== TASK GOAL ==
Your answer must be an exact copy of every record below.

(Items listed in a dataset)
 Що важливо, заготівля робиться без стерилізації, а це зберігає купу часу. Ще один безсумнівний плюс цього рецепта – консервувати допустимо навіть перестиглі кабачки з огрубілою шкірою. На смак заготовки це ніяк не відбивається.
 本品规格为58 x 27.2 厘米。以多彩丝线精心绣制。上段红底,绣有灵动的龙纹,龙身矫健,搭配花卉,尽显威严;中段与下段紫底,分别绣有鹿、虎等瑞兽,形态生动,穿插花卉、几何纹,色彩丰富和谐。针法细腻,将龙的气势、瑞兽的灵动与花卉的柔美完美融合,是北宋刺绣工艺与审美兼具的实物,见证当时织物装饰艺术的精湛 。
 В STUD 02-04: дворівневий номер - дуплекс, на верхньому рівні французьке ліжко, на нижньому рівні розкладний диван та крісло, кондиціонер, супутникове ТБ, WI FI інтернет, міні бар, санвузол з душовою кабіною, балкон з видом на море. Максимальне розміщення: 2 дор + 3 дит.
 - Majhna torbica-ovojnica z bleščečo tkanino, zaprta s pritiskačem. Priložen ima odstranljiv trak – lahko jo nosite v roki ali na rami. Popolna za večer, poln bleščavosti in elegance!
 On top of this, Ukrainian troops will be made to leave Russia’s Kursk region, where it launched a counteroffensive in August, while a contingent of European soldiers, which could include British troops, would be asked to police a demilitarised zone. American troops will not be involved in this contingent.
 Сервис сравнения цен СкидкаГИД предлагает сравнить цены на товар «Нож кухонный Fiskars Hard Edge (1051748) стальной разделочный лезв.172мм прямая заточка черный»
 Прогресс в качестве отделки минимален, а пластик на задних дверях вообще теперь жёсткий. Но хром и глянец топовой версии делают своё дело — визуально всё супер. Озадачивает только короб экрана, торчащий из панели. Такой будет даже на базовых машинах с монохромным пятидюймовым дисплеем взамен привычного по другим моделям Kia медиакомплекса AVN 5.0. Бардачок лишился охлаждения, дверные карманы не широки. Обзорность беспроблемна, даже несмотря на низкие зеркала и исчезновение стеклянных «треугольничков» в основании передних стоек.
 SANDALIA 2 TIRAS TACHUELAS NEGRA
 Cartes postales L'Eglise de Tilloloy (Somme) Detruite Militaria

== EXERCISE RESULT ==
 Що важливо, заготівля робиться без стерилізації, а це зберігає купу часу. Ще один безсумнівний плюс цього рецепта – консервувати допустимо навіть перестиглі кабачки з огрубілою шкірою. На смак заготовки це ніяк не відбивається.
 本品规格为58 x 27.2 厘米。以多彩丝线精心绣制。上段红底,绣有灵动的龙纹,龙身矫健,搭配花卉,尽显威严;中段与下段紫底,分别绣有鹿、虎等瑞兽,形态生动,穿插花卉、几何纹,色彩丰富和谐。针法细腻,将龙的气势、瑞兽的灵动与花卉的柔美完美融合,是北宋刺绣工艺与审美兼具的实物,见证当时织物装饰艺术的精湛 。
 В STUD 02-04: дворівневий номер - дуплекс, на верхньому рівні французьке ліжко, на нижньому рівні розкладний диван та крісло, кондиціонер, супутникове ТБ, WI FI інтернет, міні бар, санвузол з душовою кабіною, балкон з видом на море. Максимальне розміщення: 2 дор + 3 дит.
 - Majhna torbica-ovojnica z bleščečo tkanino, zaprta s pritiskačem. Priložen ima odstranljiv trak – lahko jo nosite v roki ali na rami. Popolna za večer, poln bleščavosti in elegance!
 On top of this, Ukrainian troops will be made to leave Russia’s Kursk region, where it launched a counteroffensive in August, while a contingent of European soldiers, which could include British troops, would be asked to police a demilitarised zone. American troops will not be involved in this contingent.
 Сервис сравнения цен СкидкаГИД предлагает сравнить цены на товар «Нож кухонный Fiskars Hard Edge (1051748) стальной разделочный лезв.172мм прямая заточка черный»
 Прогресс в качестве отделки минимален, а пластик на задних дверях вообще теперь жёсткий. Но хром и глянец топовой версии делают своё дело — визуально всё супер. Озадачивает только короб экрана, торчащий из панели. Такой будет даже на базовых машинах с монохромным пятидюймовым дисплеем взамен привычного по другим моделям Kia медиакомплекса AVN 5.0. Бардачок лишился охлаждения, дверные карманы не широки. Обзорность беспроблемна, даже несмотря на низкие зеркала и исчезновение стеклянных «треугольничков» в основании передних стоек.
 SANDALIA 2 TIRAS TACHUELAS NEGRA
 Cartes postales L'Eglise de Tilloloy (Somme) Detruite Militaria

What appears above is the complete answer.